# REW/Audyssey Mic



## Reese

I have been looking at REW for some time now and have decided to get a more familiar on how it works and functions before committing to a calibrated mic (UMIK-1) and MiniDSP.

By accident I came across a HT thread that talked about using the Audyssey mic for measurements (I currently have 3 of them). My plan was to plug the Audyssey mic into laptop with a USB Audio Adapter (Turtle Creek Amigo ii) then output through the HDMI to my AV Receiver. My hope is that using the USB adapter will bypass my laptop’s sound card for better measuring results compared to plugging the Audyssey mic directly in the headset jack. Would this be the correct approach?

Thanks.


----------



## Savjac

Please do not consider this as law, but it is my understanding that using the mic for your processor will not work for rew. It was voiced to Audyssey and nothing else.


----------



## Kal Rubinson

Savjac said:


> Please do not consider this as law, but it is my understanding that using the mic for your processor will not work for rew. It was voiced to Audyssey and nothing else.

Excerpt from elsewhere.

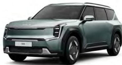
Zelená Iceberg (IEG)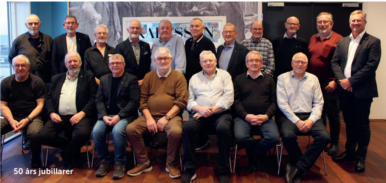
50 års jubilarer

Klik på billederne for at se dem i stor størrelse

You are right, it is not a good idea. The reason is not that the Audyssey mic is "voiced" but that there is a generic correction built into the mated firmware for that mic and an appropriate correction curve is not available for use with REW or other applications. In other words, it will "work" but the outcome is not predictably reliable.


----------



## Reese

Yes, you are both correct, the Onkyo has it's own internal calibration in the AV reciever....although I doubt the audyssey mics are individually calibrated...probably a general averaging but I'm only guessing. 

One last question regarding REW. Once a measurement is taken and adjusted, corrected or EQ'd, can you run a test tone or simulation with the new target curve? I am probably wording this improperly but what I am trying to do is test out several target curves before deciding to buy a parametic eq (MiniDSP/Behringer). 

I am testing subwoofer placement with and without Multeqxt32 and may decide I do not need an EQ. The purchase of an EQ is not a big deal but I'd rather test and play before buying something I may never use.

Thanks.


----------



## Wayne A. Pflughaupt

Reese said:


> One last question regarding REW. Once a measurement is taken and adjusted, corrected or EQ'd, can you run a test tone or simulation with the new target curve?


No, REW cannot generate an “equalized” test tone.

Regards, 
Wayne


----------



## Reese

Understood...thanks.


----------



## Reese

My initial impressions.

REW is definitely an interesting tool that can be a real “eye opener”. Even as a rank amateur I understood how badly rooms effect sound…but seeing it on a graph can be “interesting” to say the least. 

Overall REW is a great mapping tool but it does take a fair amount of time to initially setup and properly navigate through the various filters and options. This is obviously not “plug and play solution” like Audyssey, but there is enough online literature to get your through the initial setup.

I won’t bore everyone with graphs and waterfalls because the biggest challenge after measuring is deciding what to do with all those measurements. Some folks will eq….treat…or move things around; others will decide to do nothing. Either way, REW is still a great learning tool!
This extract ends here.